数秒後、稲峰市を包み込む空気が異質なものに変化した。
Ⅶ
稲峰市と隣の市との境界付近にあるコンビニの駐車場で、織斗は缶コーヒーを傾けながら電話をしていた。
「ええ、そうです。久々津真彦って男ですが、何らかの魔道に手を染めていた可能性が高いです。危険度の高いカルティストかもしれません」
『―――』
「はい、お願いします」
『――』
「だから先生はやめてください、宮四郎さん。はい、それでは」
電話を切る。
「あの人は……」
織斗は困った様子で携帯をポケットにねじ込みながら、
「どうしても『先生』って呼ぶんだからなあ」
「まあ、そう言うでない」
修理の終わったランドクルーザーの助手席に腰を下ろし、幸せそうに甘酒を啜っていた白髪の少女が言った。
「あやつにしてみれば、お主は恩師の息子にして後継者じゃからな。それに先生と呼ばれるのも満更ではあるまい?」
「そんな柄じゃないんだけどな」
コーヒーを啜る。その視線は稲峰市の方を向いていた。
「なんじゃ、織斗」イースはニヤニヤしながら、「やはりあの小娘に未練があったのではないか?」
「……そんなんじゃないよ」
「照れるでない。そんなに気になるならば、また会いに行けばよいではないか。学校祭とかいうカーニバルに呼ばれておるのじゃろう? いや、秋じゃからこの場合はフェスティバルか?」
「収穫祭も何も関係ないさ」
織斗は努めて平静な声で、
「俺が気になってるのは、『妖精の眼』の保有者の大量発生の謎が解決していないことだよ」
「ふむ、そのことか」
この話題に関しては、イースも顔を引き締めた。
「情けない話じゃが、わらわもさっぱり見当が付かん」
「あの久々津って男が、なんらかの妖術か魔道を使って能力者を作り出したって可能性は?」
「何度も言うが、それは考えにくいの。能力者を意図的に生産することは不可能に限りなく近いのじゃ。古今東西、成功したという話は一遍たりとも聞いたことはない。もちろん、あの久々津という小僧が稀代の大魔道師であれば話は別じゃがな」
「どっちにしろ、宮四郎さんからの連絡待ちか……」
そう言いながらも、しかし織斗の胸には気持ちの悪いほどのしこりがわだかまっていた。うなじのあたりがちりちりと総毛立っている。

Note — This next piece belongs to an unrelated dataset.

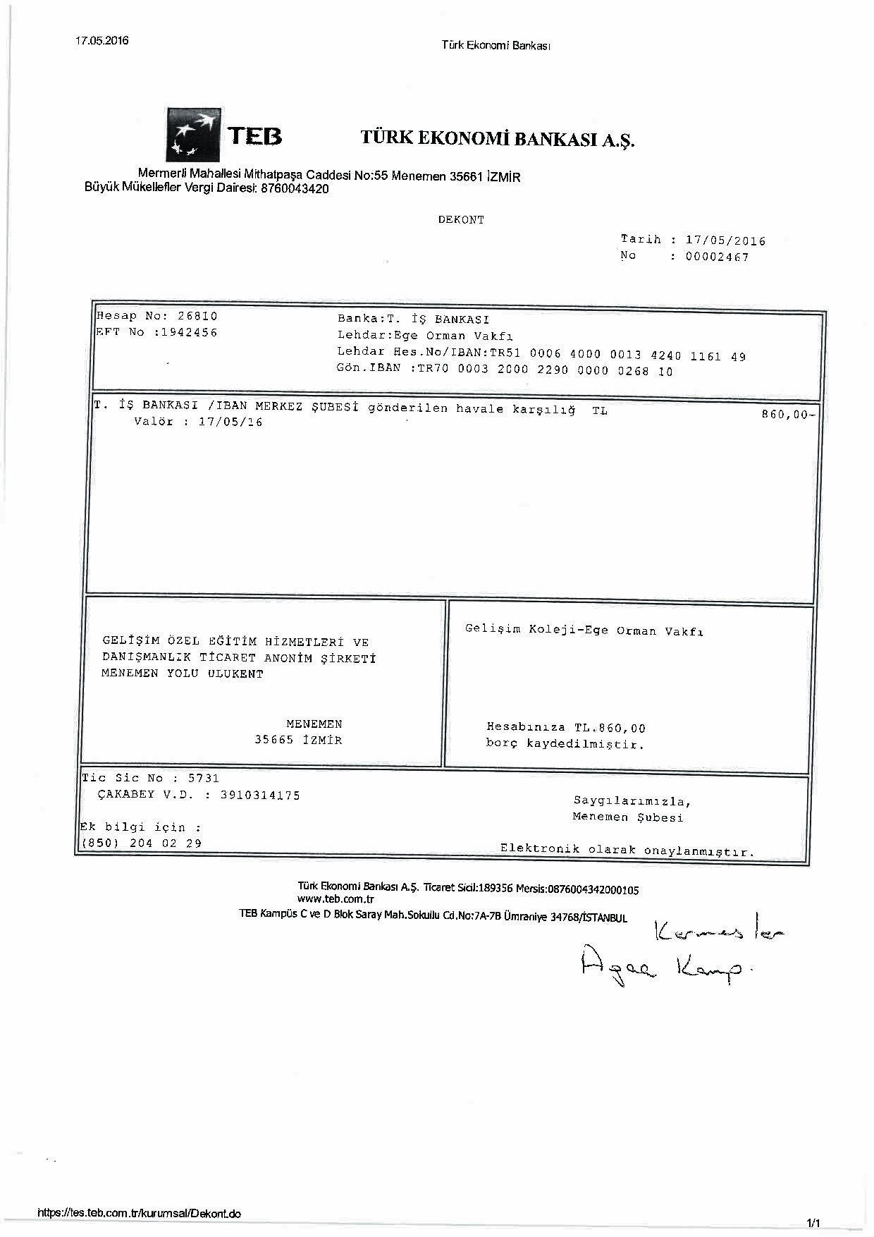 ü 2014 yılında İzmir/Çeşme/Barbaros Köyü mevkiinde 1453 ağaç dikerek 8. GELİŞİM KOLEJİ KORUSU

実は織斗には、二つ腑に落ちないことがあった。一つは今言った能力者の大量発生の事。そしてもう一つは、昨夜鞠亜を助ける直前に見た―――
「ッッ!」
その時ふいに、織斗の背中を最大級の悪寒が走った。頭蓋骨に開けられた穴から、脳みその中に直接液体窒素を流し込まれたかのような感覚。
「これは!」
織斗は弾かれたように稲峰市の方に目を向け、そして絶句した。
昼間だというのに、稲峰市全体が薄闇に包まれていた。まるでそこだけ太陽の祝福を拒んでいるかのように。生臭い、まるで腐った魚の腸のような臭いが漂っている。
「な、なんじゃ、これは……?」
愕然とイースがつぶやく。
その時、突如として耳障りな絶叫が響き渡った。コンビニの中からだ。
慌てて店内に飛び込んだ織斗とイースが目にしたのは、その場でうずくまり、あるいは恐怖に顔を歪ませながら必死に逃げまどっている人々の姿だった。
「な、なんだこれ……うあああああああ!」
「う、うわぁ……見せるなぁ! 見せるなっ」
「いやいやいやいやいやいやぁぁぁぁぁ!」
店員も客も、男も女も関係なく絶叫する。共通するのはたった一つ。
全員が右目を押さえている、それだけだった。
「な、んだ……これ……」
あまりに異常な光景に、織斗は戦慄を隠せない。
数秒後、さらに織斗を戦慄させる事実がイースから告げられた。
「妖精の眼じゃ……」
イースの声も震えていた。
「全ての者の右目が、妖精の眼と化しておる」
「まさか……」
織斗はコンビニを飛び出すと、周囲に視線を走らせた。町のそこかしこでコンビニの店内と同じような光景が繰り広げられている。蛇行してきた自動車が電柱に衝突し、そのまま炎上を始める。同様の事故がそこかしこで起こっていた。
「学校祭とかいうレベルじゃないぞ……」
恐怖と異常に満ちたお祭り騒ぎが、町中で始まっていた。